Results and discussion
Estimates of λfrom real structural variants
In order to assess the expected range of values of the λ parameter, we downloaded the BreakDB database , last accessed on January 26th 2014, and built a library with the known sequences of both alleles of 568 structural variants (54 inversions, 161 insertions, and 353 deletions). Then, we simulated the exhaustive sequencing of both alleles with single-end, 100-bp reads. Next, we mapped the sequenced reads first to the library built with the sequences of the reference and the alternative alleles, and afterwards to the whole reference genome (HG18), in order to discard any non-specific read. For this purpose, we used the pipeline BreakSeq , with minor modifications. We removed from BreakSeq a filter that required the reads to map on the breakpoints, in order to be able to use the inserted or deleted sequences as evidence of the presence or the absence of an insertion or a deletion. Finally, we counted how many reads mapped specifically on the reference or on the alternative allele, and estimated λ as the ratio of the two counts.

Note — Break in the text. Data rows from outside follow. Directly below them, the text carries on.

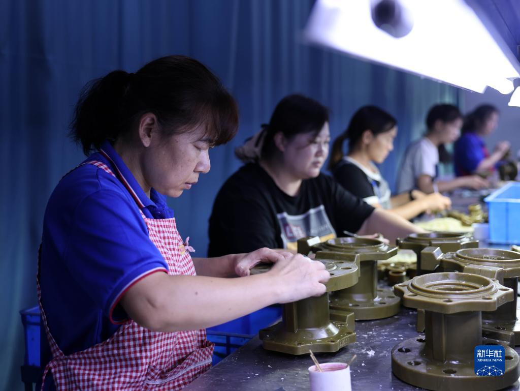 8月24日,工人在河北省邢臺市寧晉縣河北聯碩機械制造有限公司蠟模車間工作。
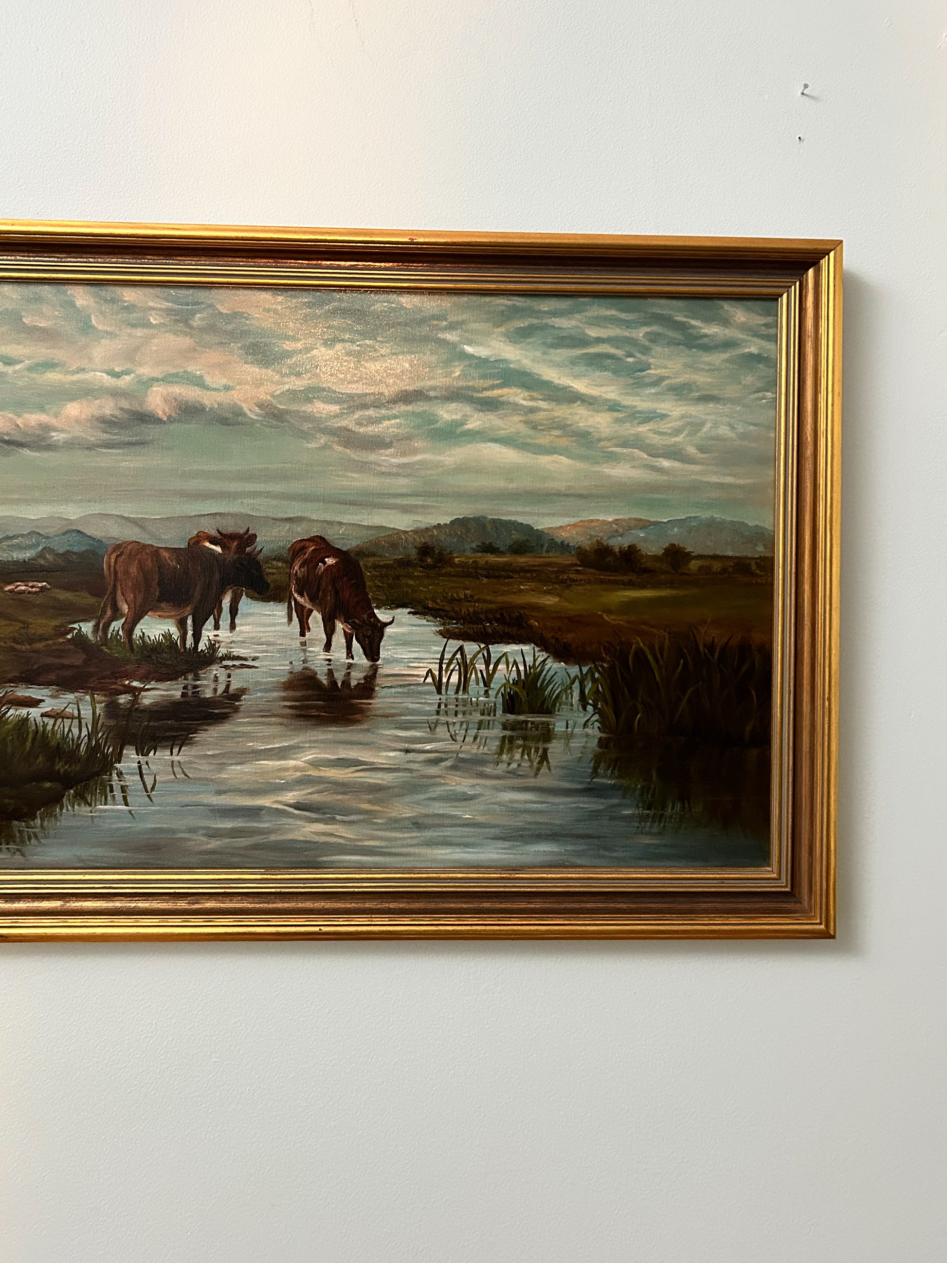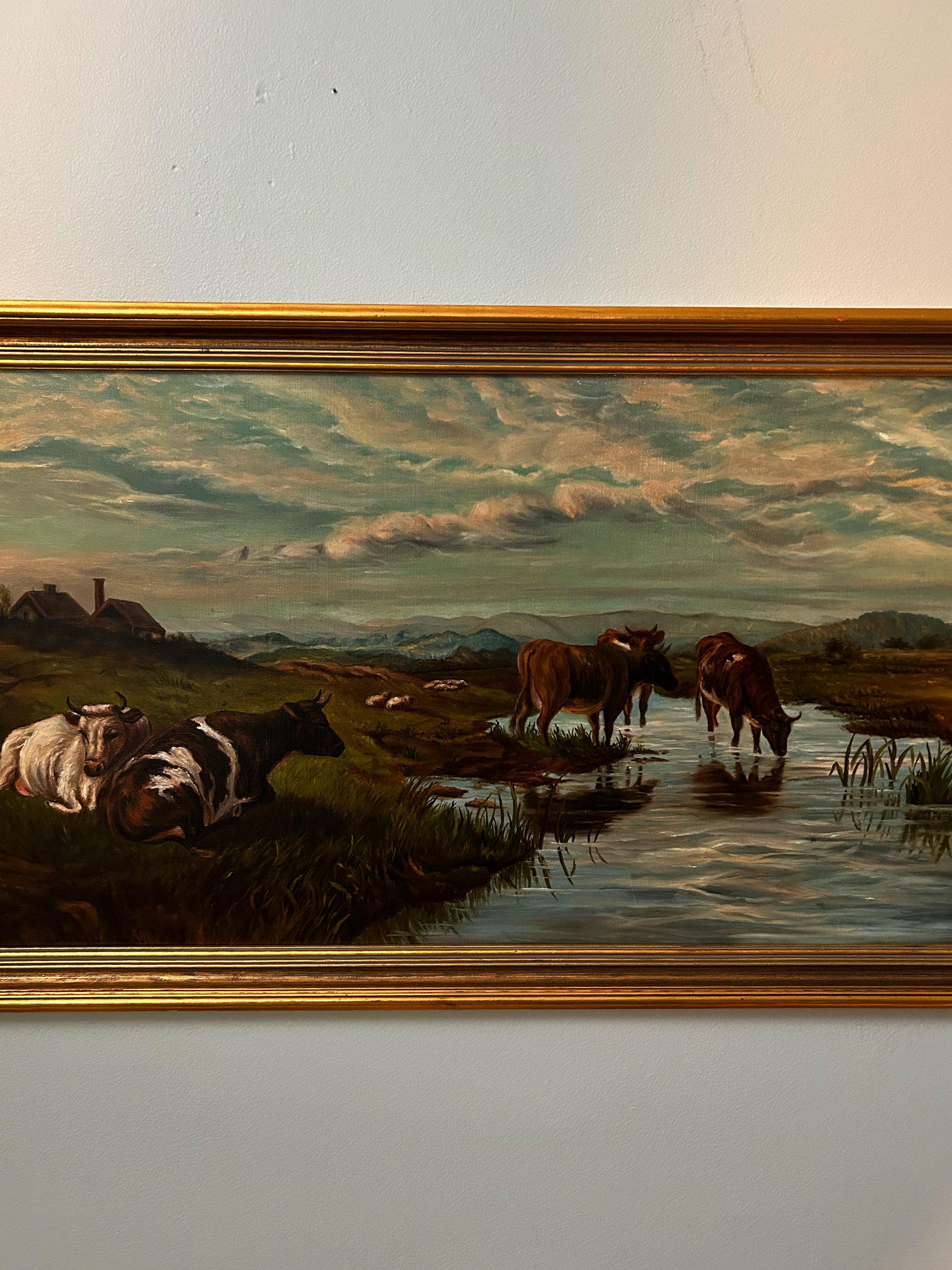 Antique Pastoral with Cows Oil on Board
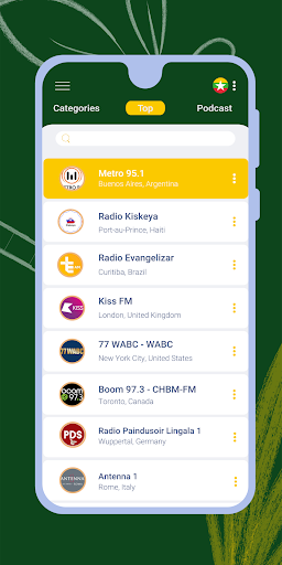 • ''World'' – listen to Android radio stations from all over the world.
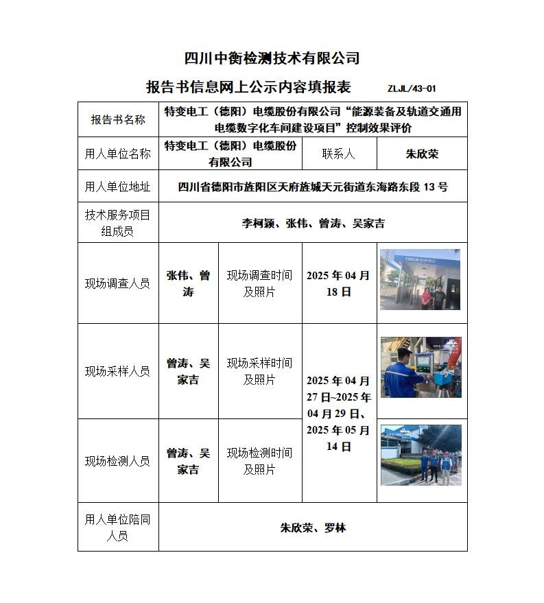 特变电工(德阳)电缆股份有限公司“能源装备及轨道交通用电缆数字化车间建设项目”控制效果评价
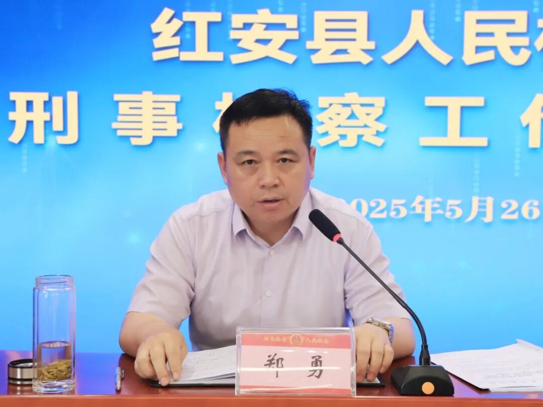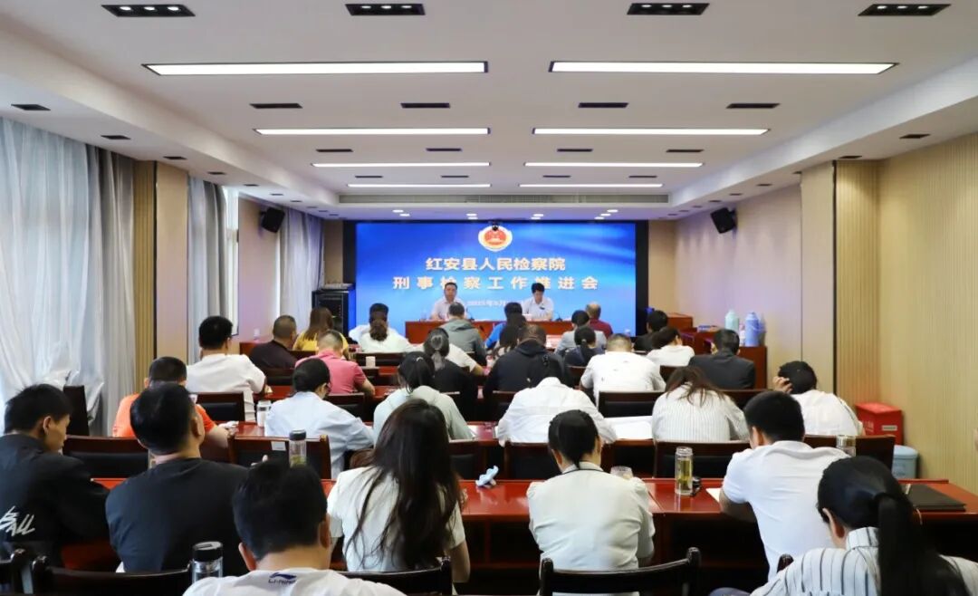 红安网消息 5月26日,红安县人民检察院召开刑事检察工作推进会,传达贯彻湖北省检察机关强化数字赋能“两项监督”和规范刑事“挂案”清理工作调度会精神,深入研判当前刑事检察态势、查摆自身短板弱项,部署下一步重点任务,推动进一步提升刑事检察工作质效。院党组书记、检察长郑勇出席会议并讲话。
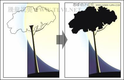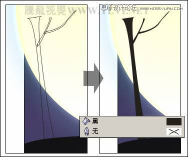 (10)使用“贝塞尔”工具在树干的上部绘制树冠的轮廓图形,将其填充为黑色,轮廓色为无,如图2-57所示。
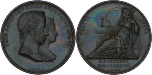 Cossa - AE medaile na korunovaci v Miláně 1838 - dvojportrét zleva, opis / sedící Justicia, opis a nápis, 64mm, 64.183g, Nov.J.1b, krásná patina
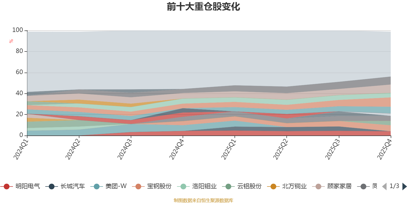 截至2025年末,基金十大重仓股分别是天山铝业、中国铝业、赤峰黄金、西部矿业、宝钢股份、同程旅行、特步国际、云铝股份、明阳电气、赣锋锂业。

Analysis of simulated data
We run some simulations to test svgem. In the artificial datasets, genotypes followed Hardy-Weinberg equilibrium, with allele frequencies between 0.01 and 0.99, and the allele counts were sampled with a simulated error rate of 0.005. Coverage was Poisson-distributed, in order to introduce variation in coverage among individuals, although the exact distribution is irrelevant for the calculation of genotype likelihoods. In all, 100 simulations were run with the same parameter values.
Next, we checked svgem performance with different sample sizes from 10 to 1000 and a fixed SV frequency of 0.5, which is the one with higher sampling variance. Figure S1 in Additional file 2 shows that smaller samples, with a mean coverage of 4, also yield unbiased estimates with a precision comparable to the expected under accurate knowledge of genotypes.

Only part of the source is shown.